Games of Zeus 02- Silent Echoes (22 page)

Read Games of Zeus 02- Silent Echoes Online

Authors: Aimee Laine

Tags: #Romance, #Fantasy, #Paranormal, #mythology, #Zeus, #game, #construction

“Your birthday.”

“And her birthday is June twelfth, which is also actually her birthday.” Ian stood, paced toward the small fountain and back. “It all fits. I know it. I feel it.”
Just like I feel the tie-in with her.
“There is no question. Sherrill said her grandparents saw the two people from the photo together. They couldn’t be together. Class and skin color would have prevented it. Then … she disappeared. Someone pointed a finger at him, the town said it was me … and he—I—he was hanged. Rightly so if he—me—I killed her.”

“Well, if that’s the case, be happy you aren’t them, then. You’re you … today. Without race and class restrictions. Sounds to me like you’re getting a second chance. Or, in your case, a fourth.”

Ian nodded to no one. “Exactly what I think. Damn finger tattoo. But this is ridiculous, you know? This doesn’t happen to normal people.”
I wouldn’t kill someone.

Tripp laughed. “Like what Lexi and I can do? Or Taylor?”

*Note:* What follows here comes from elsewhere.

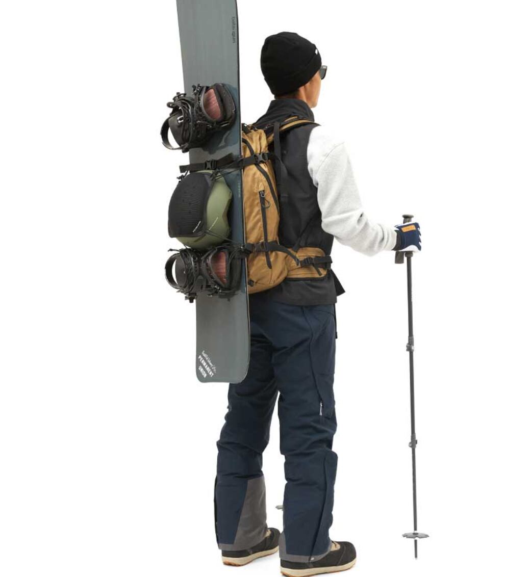 100%リサイクルポリエステル素材ECOPAKの生地を採用し軽量化を実現。しっかりとしたホールド感は健在で、滑るために体力を残し登坂するために必要な道具をテーマに開発を行いました。背面パネルはSHUMARI35EVOと同様、独立式3面パッドを採用。独自に企画開発を行った背面パッドは背骨を中心にそのサイドを固定し安定させる構造になっており、特にたくさんの荷物を入れた状態で起こりやすいバック自体が球体になるのを背面パッドで平面に抑える事で背中へのフィット感を維持させています。日本人の体型に合わせて設計された3DSショルダー ストラップと3DETPフレームは荷物の重量と滑走時の運動の妨げを軽減し、CSウエスト ハーネスは動きを妨げる事がないような柔らかさがありながら骨盤を包み込む様なフィット感で荷物の横揺れを防止します。ギアラックのアクセスはザックトップからのアクセス。荷室とアバランチギアを同じ開口部よりアクセス可能で、25Lサイズを必要とするシーンで持ち合わせる装備品をしっかり収納可能とした。無駄を省き、シンプルな構造にすることにより迷いなく直感的な出し入れが可能となっている。ピッケルはザック下部から収納可能。またシールを収納する事で、登坂と滑走の入れ替えの際に手際よく交換可能です。荷室上部にはゴーグルポケットや細かな装備品を。すぐに出したい小物はバック上部取手の部分のポケットも活用できる。サイドのポケットには大きな水筒も入る。メインバックルはNifco製ウィンターバックルを採用しグローブをしたままでも取り外しがしやすく、雪が入りにくい構造になっている。ショルダー、ウエストハーネス部分は破損が多い箇所なのでウィンターバックルではなくNifcoのバックルの中でも構造的に強度が高いバックルを使用。もしもの際、緊急用でツェルトを携帯することをお勧めします。ツェルトがあればピッケル、シールを入れるザック下部にあるファスナーを開け奥にあるテープにツェルトを付けれることで暴風で身を守る際ツェルトが飛ばないように使用可能です。MAKIRI25EVOにはアタッチメントできるポーチなどがオプションで設定され、使用者の好みによってカスタマイズ可能です。

“You never said anything about what she could do.”

“Did you think I would?”

Ian shook his head. “Of course not.”

“Good. So, maybe it’s all connected. You know, me, Lex, Sherrill, Marge, George, you, Taylor.”

“I’m not Zeus’s pawn, Tripp. This isn’t a game. You knew what you had to deal with. That was a game. It can’t be when the rules aren’t obvious or clear or even defined. Zeus wasn’t that mad.”

“Think again.” Tripp chuckled again. “No one ever said Zeus didn’t stick things to people, Ian. So … what’re you going to do?”

Ian ran a hand over his head, digging his fingers into his scalp. “I have no fucking idea.”

“Think through this logically. If what you said is true … and you are them from before, and you did—though I’m not saying you did—kill her before, and this is try number four, maybe this time you’re supposed to find a way not to do it. Maybe you’re not the Romeo and Juliet type this time around, but you’re the kick ass and take names.”

“This is
not
a game.”

“Okay. Okay, man. We’ll go with that theory for now. How is Taylor, by the way?”

“Fucked up.” Ian went on to fill Tripp in.

Would a god pit two people against each other who also might love each other? What kind of sickness is that?

“You sound tired, Ian.”

“I’m exhausted. Have you ever tried to sleep on a guest chair for anything other than a nap?”

Tripp’s mirth diffused more of Ian’s tension. “No, and I hope I never have to. But try to get some sleep. A few hours, at least.”

“Yeah. I need to. Maybe I’ll crash on a couch in the lobby.” Ian traipsed back into the brightness of the hospital, to the zing of antiseptic and night cleaning routine. A buffer whizzed and spun to the right, so Ian went left.

Lexi’s voice calling for ice cream overruled Tripp’s. “Gotta go. Get some rest. If there’s one thing I’ve learned about being a pawn to Zeus, it’s that I work better when well rested. Or after lots of sex.”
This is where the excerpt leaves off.